Hotels are tidal pools. Staying at the Westin hotel in Kansas City, I saw the tide come twice. (One of these days, someone will do a portrait of America based on lobby ethnography alone. I am deeply happy to say it wont be me.)
The first was the Jack and Jill Association of America. The Westin lobby and elevators filled with magnificently dressed and appointed women. It was from their patient, disengaged, short suffering husbands at the bar that I got the details. Jack and Jill is designed to help African American families stay in touch with their roots, and one another, as prosperity takes them to the suburb.
One of the pressing questions: how to keep kids in touch with their culture even as they are firewalled against the siren call of the gangsta pose (and posse). It sounds like a tough piece of parenting. Suburban kids may well be vulnerable to the accusation that they have compromised their blackness. What better way to redress the balance than hip hop swagger (and swag)?

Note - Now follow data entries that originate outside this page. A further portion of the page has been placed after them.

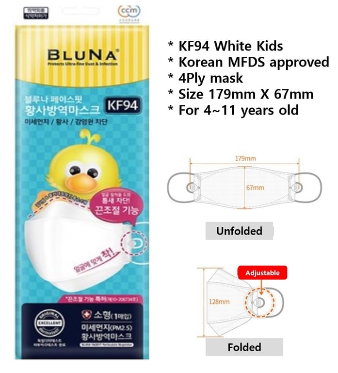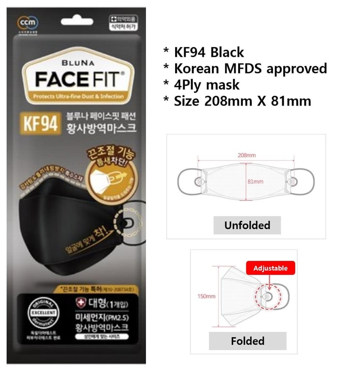 BLUNA FACE FIT mask 4Ply individual packing (10/30PCS) White / Black / Kids [Direct from Korea]
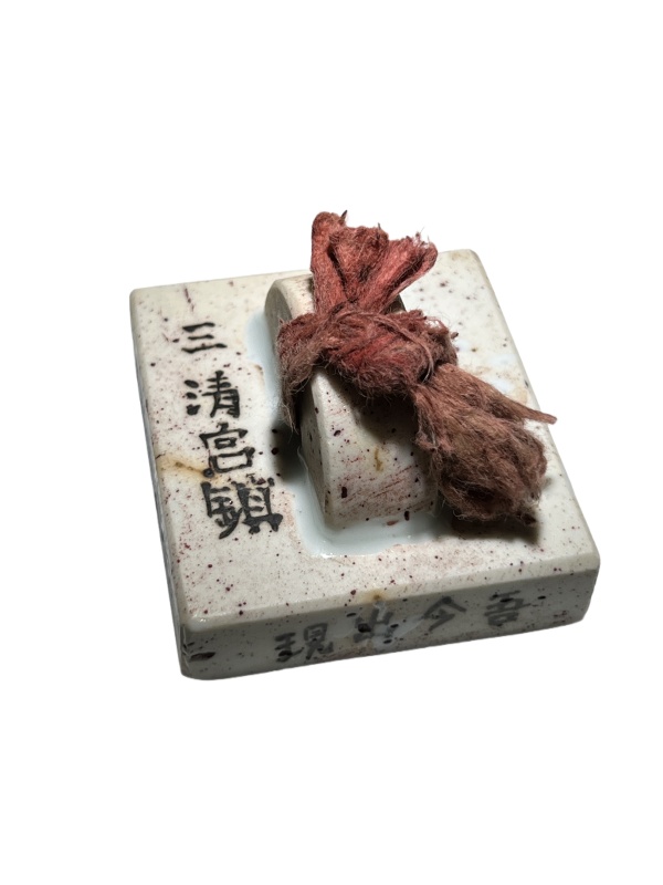 明代三清宫镇印,似乎从未在市场上出现过,边款“吾今出现、万鬼伏藏、律令九方、天圆地方”,正面似乎是道教符咒真言“六甲灵宝太上老君勅令”。“太上老君” 是道教所尊的至高神之一,被视为道的化身,代表着此符咒是秉承太上老君的意志,具有强大的神力,能驱使鬼神、辟邪驱煞、治病救人等 。
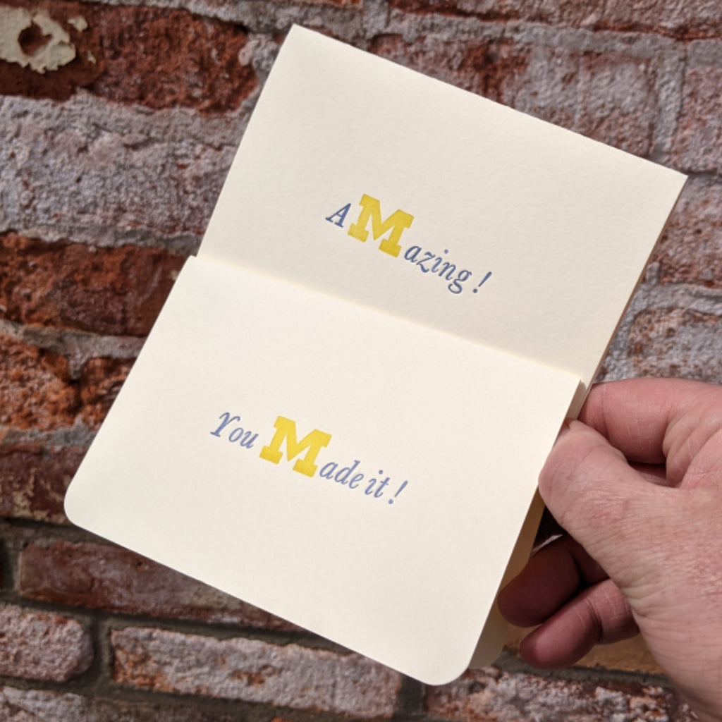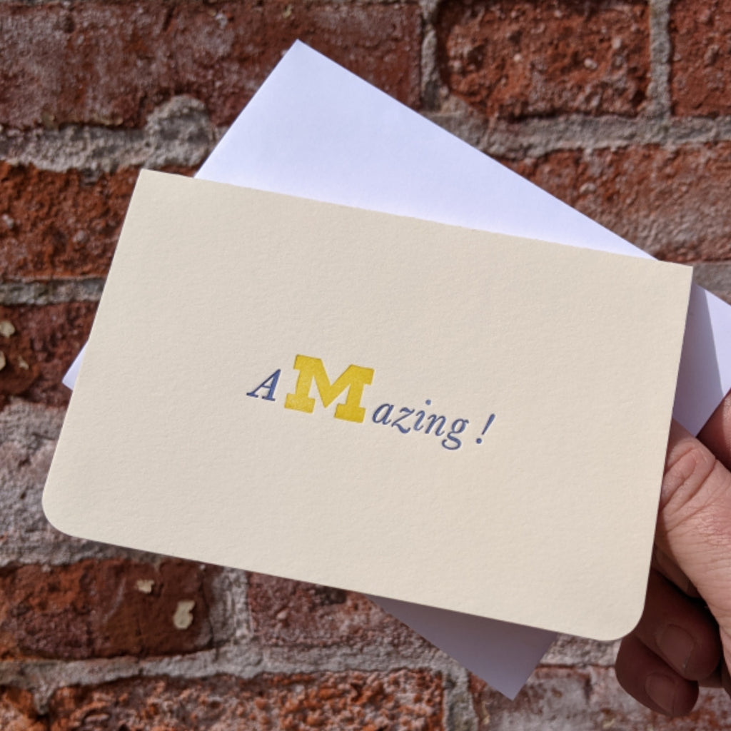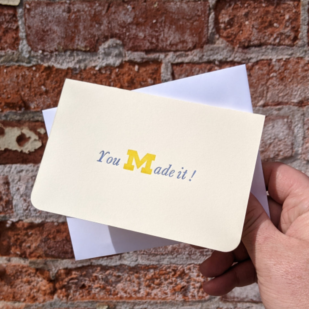 Each card is designed with care and printed with haste! Made on an antique letter press in Chelsea, MI!
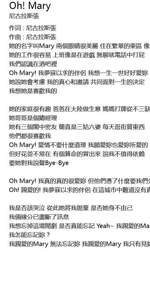 | Oh Mary! wǒ zhēn dí zhēn de hěn ài nǎi dàn tā men píng le shén me yào wǒ men fēn lí Yeah | |

This task will be complicated, Im guessing, by a collision of consumption styles. The move to the suburbs is traditionally a move towards a consumption style that is muted. Kids find this cautious and uninteresting in any case. But it must be stupefying compared to bling. What happens when bland meets bling?
The second was the FBI National Academy. A different crowd entirely. Now it was husbands who were the key actors, and wives who sat patiently in the bar. The Academy was originally known as the “Police Training School of the FBI and it is designed to help Police Chiefs improve their law enforcement methods.
One of the pressing questions: what to do about methamphetamines? One Academy guy was kind enough to give me a detailed account. Methamphetamines are apparently cheap to make and they can be manufactured in rudimentary facilities by people who have no real training. Finally, they can be manufactured in the US. On all these counts, closing down distribution is tough.
Addiction is formidable, much more formidable than cocaine, with recovery programs taking several weeks. Addicts sign on for the long term. Criminals high on methamphetamines are exceedingly dangerous, so they are difficult and dangerous to collar.
Abundant supply has not lowered prices very much, and interestingly, one of the chief sources of income for the methamphetamine addict is identity theft. This is less violent than street crime, clearly, but the consequences for the victim are still severe. It can take people years to sort out the blot on their credit history. (Is this symmetry? Addicts give their identities to a drug and take identities from victims.)
This is another symptom of our dynamism. Intoxicants come and go: heroin, marijuana, angel dust, cocaine, crack cocaine, and now methamphetamine. It is as if we are seeing a disintermediation even here. Production and distribution is now decentralized. In any case, the Academy is dealing with wave after wave of new drugs, lots of different drugs, and they must come up with new solutions for each of them. So much for the small town sheriff who mostly had to deal with a handful of drunks and a couple of punks. Thank God for the FBI National Academy.
There is not much in common here, except that both groups are dealing with the effects of dynamism. They come to the Kansas City Westin to learn to manage change. They come to learn to live with a continually changing problem set. They cant expect simple answers, just make shift solutions. And they are not here for stately deliberation. They are grappling with problems that demand that they respond in real time right now. The response will be fleeting. Before next years convention, the world and the challenge will have changed again.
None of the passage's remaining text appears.